Increasing protein resulted in a linear decrease in feed intake while weight gain and feed efficiency changed quadratically with a smaller positive effect at the highest crude protein intakes. Feed intake decreased and feed efficiency increased with higher dietary energy and interactions between protein and energy were significant. Abdominal fat content and the efficiency of protein retention decreased with increasing dietary protein intake.
Using constant essential amino acid: crude protein ratios at increasing crude protein intakes, resulted in feed intake, weight gain and feed efficiency all increasing before reaching a plateau. Abdominal fat decreased with protein intake and the efficiency of protein retention was quadratic, decreasing at the higher protein intakes.

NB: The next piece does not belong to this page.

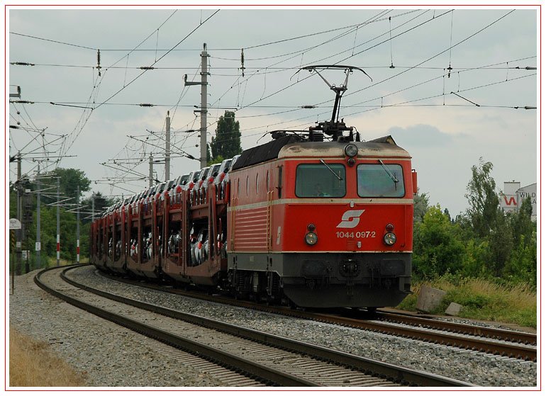 Eine der wenigen 1044iger, nämlich 1044 097-2, die ihren Altlack noch besitzen, kam mir am 1.7.2006 kurz vor Atzgersdorf-Mauer mit einem Autoganzzug vor die Linse.

Multiple regression analysis of the results of these trials indicated that partition of energy intake into maintenance, fat-free tissue growth, fat and the energy required to transform protein intake in excess of retention explained more than 98% of variation. It is proposed that either non-essential amino acid or essential amino acid intake limited broiler performance at the lower protein intakes, whereas at high protein intakes the decreased efficiency of amino acid utilisation after growth requirements are fulfilled, resulted in poorer performance.
It was concluded that these results support the general principle that diets should be formulated to provide sufficient of all AA for protein synthesis and that excess AA should be avoided, as this decreases the efficiency of utilisation and also increases the essential AA requirements.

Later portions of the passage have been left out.